OSU08 Morphosemantics Notes 4

Emmon Bach, SOAS, UMass(Amherst)
OSU Linguistics
e m a i l: firstinitialsurname (at) linguist (dot) umass (dot) edu
© Emmon Bach 2008. All rights reserved.
Office hrs: M W 1-3 and by appointment, Oxley 201a
Notes for classes will be posted at / linked to "http://www.people.umass.edu/ebach/courses/osu08-pl.htm"

(9 April) A: Derivational processes II. B: Language Lessons: Western Abenaki.

Part A: Theory

  1. Incorporation 1: Background

  2. History: When European linguists encountered languages of the Americas they were struck by constructions and compounds of the form N+V or V+N in which the nominal element was semantically in some sense an argument (usually direct object) of the verb. Since Western European languages like German or English do not show formations of this sort, at least in any obvious way, this feature was felt to be very exotic. The phenomenon was dubbed "incorporation" (G. Einverleibung gratia Angelika Kratzer). It was erroneously believed that Incorporation was a universal feature of American languages and that it was confined to American languages. [I associate the early discussion with von Humboldt, but haven't checked this out carefully.]

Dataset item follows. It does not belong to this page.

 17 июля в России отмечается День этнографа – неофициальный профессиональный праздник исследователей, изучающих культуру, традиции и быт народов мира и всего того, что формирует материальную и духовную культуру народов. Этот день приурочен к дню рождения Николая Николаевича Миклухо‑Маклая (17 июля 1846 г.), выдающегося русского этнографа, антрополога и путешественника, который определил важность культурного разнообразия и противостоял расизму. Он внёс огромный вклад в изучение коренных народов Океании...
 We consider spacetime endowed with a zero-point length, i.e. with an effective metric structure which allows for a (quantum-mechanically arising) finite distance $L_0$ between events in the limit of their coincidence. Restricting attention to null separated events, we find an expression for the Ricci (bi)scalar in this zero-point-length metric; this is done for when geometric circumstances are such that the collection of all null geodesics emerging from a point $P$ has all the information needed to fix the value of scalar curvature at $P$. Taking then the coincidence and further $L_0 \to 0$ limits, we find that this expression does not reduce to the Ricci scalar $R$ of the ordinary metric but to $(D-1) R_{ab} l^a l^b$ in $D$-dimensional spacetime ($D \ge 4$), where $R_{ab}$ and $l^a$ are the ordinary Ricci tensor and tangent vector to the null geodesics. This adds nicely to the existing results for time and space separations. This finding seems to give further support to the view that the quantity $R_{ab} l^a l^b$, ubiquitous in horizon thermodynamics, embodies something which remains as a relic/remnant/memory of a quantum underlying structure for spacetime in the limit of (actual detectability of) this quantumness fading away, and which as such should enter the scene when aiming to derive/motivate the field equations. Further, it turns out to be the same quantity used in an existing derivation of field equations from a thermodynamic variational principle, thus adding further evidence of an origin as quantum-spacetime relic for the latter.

    A.L. Kroeber and Sapir had an exchange about this phenomenon, trying to clarify just what it was, and offering a lot of data about it. They succeeded in correcting the error just mentioned. The exchange is a locus classicus paper and should be consulted by anybody who wants to study incorporation (Kroeber 1909?, 1911; Sapir 1911). Kroeber (1911) concludes thus: (

    The conclusions of the foregoing discussion can be summarized as follows:

    1. "Pronominal incorporation" and "noun incorporation" are different and not connected.
    2. "Pronominal incorporation" is a grammatical or inflectional process.
    3. "Noun incorporation" is, at least sometimes and perhaps always, a compositional [EB i.e. compounding] or etymological process, which differs from the familiar processes of noun composition only in resulting in words of a different part of speech.
    4. All languages belong to one of four classes according as they form compound nouns, compound verbs, both, or neither.
    5. There is no evidence of the existence of any kind of "incorporation" that so far as its process or method is concerned is different from processes occurring in European languages, and it is more reasonable to assume that there can be no such difference than that there must be.

    English analogues do not exist: the closest (for your intuitions) are derivations of noun + verb + -er or -ing into basically nominal compounds: meat-eater, tree-hugger, cigar-smoking (... not permitted here. Note not possible in English:

    1. *They don't meat-eat ostrich.
    2. *I only tree-hug red cedar.
    3. *It is illegal to cigar-smoke Havanas.

    These examples, however, might translate readily into Mohawk or other languages, as examples of one type of Noun Incorporation.

    Following this early discussion, I will exclude from consideration as Incorporation: verbs with Subject or Object marking or cliticization.

    Excursus: Nature abhors a vacuum: the problem of exact synonymy.

    Discussions of such matters as incorporation often turn on the question whether two constructions are synonymous or not. It has often been observed that synonyms tend to diverge over time. Here just a nota bene is in order. Speakers often attribute differences of meaning ad hoc. It sometimes will take quite a bit of work and argument to tell whether non-nonce meanings are "really there."

    Excursus: Etymology

    Etymology studies the origins of words and yields etymologies,theories about how a particular lexeme came to mean what it means. It is often hard to tell whether you are doing etymology or something more synchronic, such as morphological analysis.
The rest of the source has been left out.